For example, in Japanese Patent Application Laid-Open Publication No. 2003-298181, an optical transmission circuit which suppresses variations in the extinction ratio of output light of a laser caused by variations in laser characteristics is described. Specifically, a composition, etc. for detecting optical signals from a laser diode by a photodiode and changing the bias current of the laser diode in accordance with a DC component of an output of the photodiode is disclosed. By virtue of this, the temperature variations occurring in the threshold current of the laser diode can be compensated for.
In recent years, along with improvements in the communication speed, the communication speed undergoes transition from 10 Gbps to 25 Gbps, 40 Gbps, etc. Along with such improvements in the communication speed, application of optical communication devices supporting optical fiber cables as, for example, router devices or server devices is advancing. The optical communication devices usually presuppose the transmission in a long distance on the order of, for, kilometers between devices, and it is important to ensure reliability with this transmission distance. For example, in a laser diode serving as a transmission element of optical signals, variations in the light output intensity caused in relation to temperature (in other words, reduction in reliability) are problems. Therefore, for example, like the one Japanese Patent Application Laid-Open Publication No. 2003-298181 (Patent Document 1), a method in which, with respect to a laser diode, a monitoring photodiode which detects the light output intensity the laser diode is disposed in the vicinity of the laser diode so as to suppress the variations in the light output intensity is used.

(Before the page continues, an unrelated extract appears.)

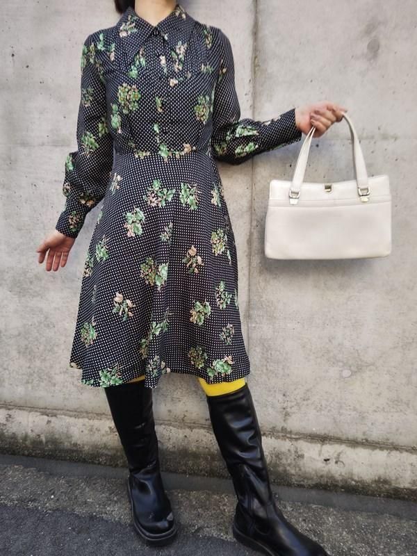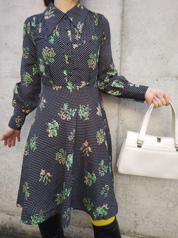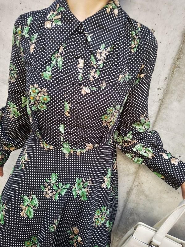 お花xドット柄♪レトロワンピ
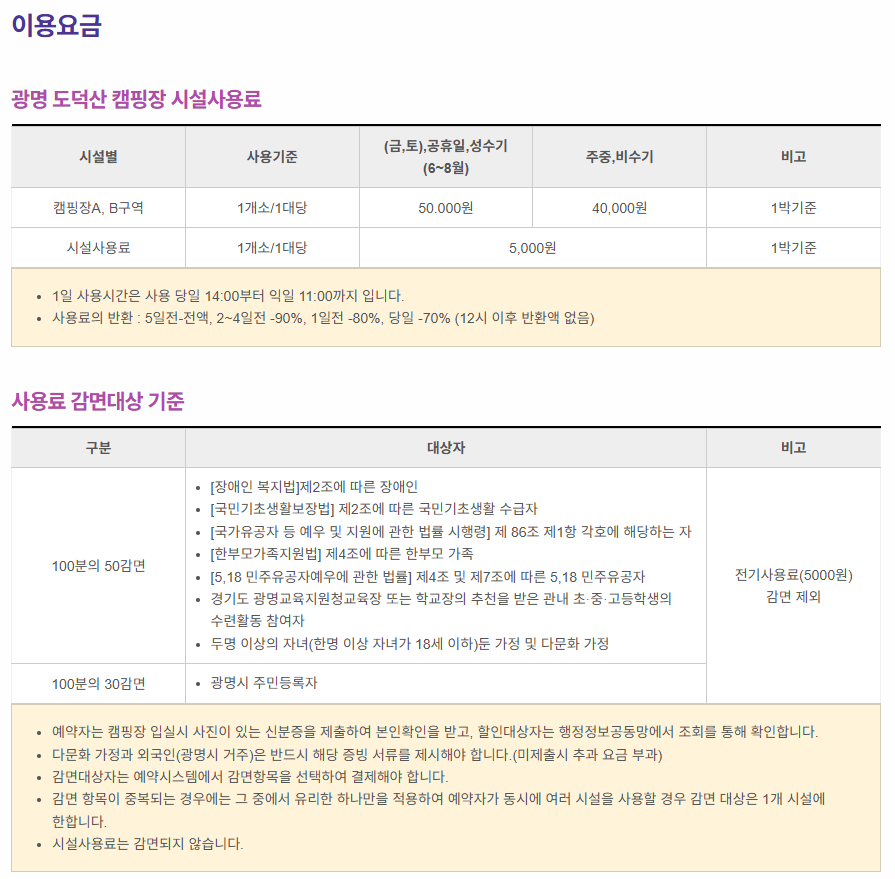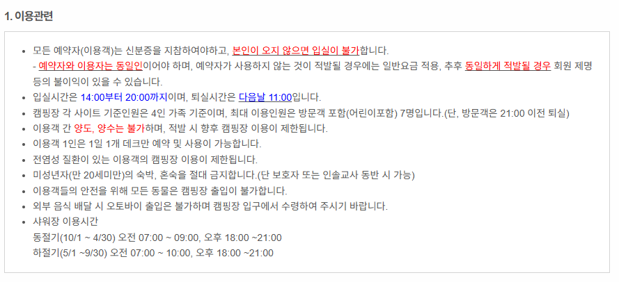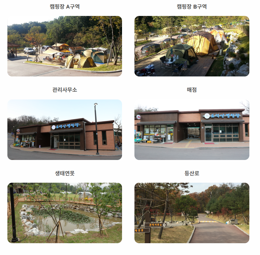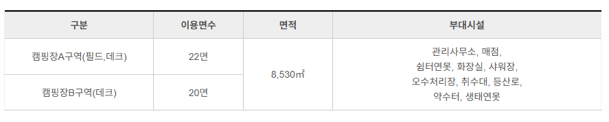 - 주요 시설: 화장실, 샤워장, 매점, 약수터, 어린이 놀이터 등

FIG. 15 is a circuit block diagram illustrating an example of a composition of an optical communication module studied as a premise of the present invention. The optical communication module illustrated in FIG. 15 includes a laser diode block LDBK including a laser diode LD and a monitoring photodiode PDm, a laser diode driver circuit LDD1 which drives LD, a current/voltage converter circuit IVC which converts a current from PDm to a voltage and averages it, and an error amplifier circuit EA. LDBK is realized, for example, by one package.
LDD1 includes a variable current source CSV which causes a bias current to flow and a driver circuit DV which controls the current of LD by adding or subtracting an AC current to or from the bias current of CSV in accordance with the logic of an input signal Vin. LD emits light in accordance with the magnitude of the current, and the intensity of the light emission is detected as a current flowing to PDm. IVC averages the current of PDm as a voltage, and EA controls the current value of CSV so that the averaged voltage (i.e., it indicates average light emission intensity) becomes constant. When the method like that of FIG. 15 is used, the above-described variations in the light output intensity caused in accordance with temperature can be suppressed. To further enhance reliability, for example, it is conceivable to add a Peltier element for maintaining a constant temperature and a thermistor or the like for controlling the Peltier element to the inside of the package of the laser diode block LDBK.
On the other hand, the above-described optical communication devices include many kinds of devices having comparatively large sizes (for example, on the orders of several tens of centimeters and meters), and communications using electric signals are usually carried out in the devices. Therefore, in the optical communication devices, for example, optical signals input from outside are converted to electric signals, predetermined processes are carried out while carrying out short-distance communications (for example, on the order of meters) by the electric signals in the devices, and the electric signals are converted to optical signals again and output to the outside. The short-distance communication is carried out by using, for example, copper cables; however, as the communication speed is increased, the quality of transmission waveforms is extremely lowered in the case of using the copper cables. Therefore, application of optical communications to the short-distance communications in such devices is required.
Therefore, it is conceivable to install an optical communication module including a laser diode block LDBK such as that described above at the part of each output interface in such a device. However, since the number of parts is large in the laser diode block LDBK as described above, the cost is increased, and ensuring a mounting area of the parts is not easy. Thus, when viewed from the user side, upon change from the copper cables to optical fiber cables, realizing an optical communication device by replacing only the part of input/output interfaces with respect to an existing device instead of newly introducing a whole device is desirable in terms of cost, etc.
In this case, the laser diode block LDBK, etc. have to be mounted within the range of the limited mounting area where the part of input/output interfaces is present in the existing device; therefore, the number of parts is desired to be reduced as much as possible. Even in the case in which LDBK is composed of LD and PDm, a mechanism or the like which outputs the light emitted from LD to the two directions for communication and for monitoring is required; therefore, the size of LDBK becomes comparatively large.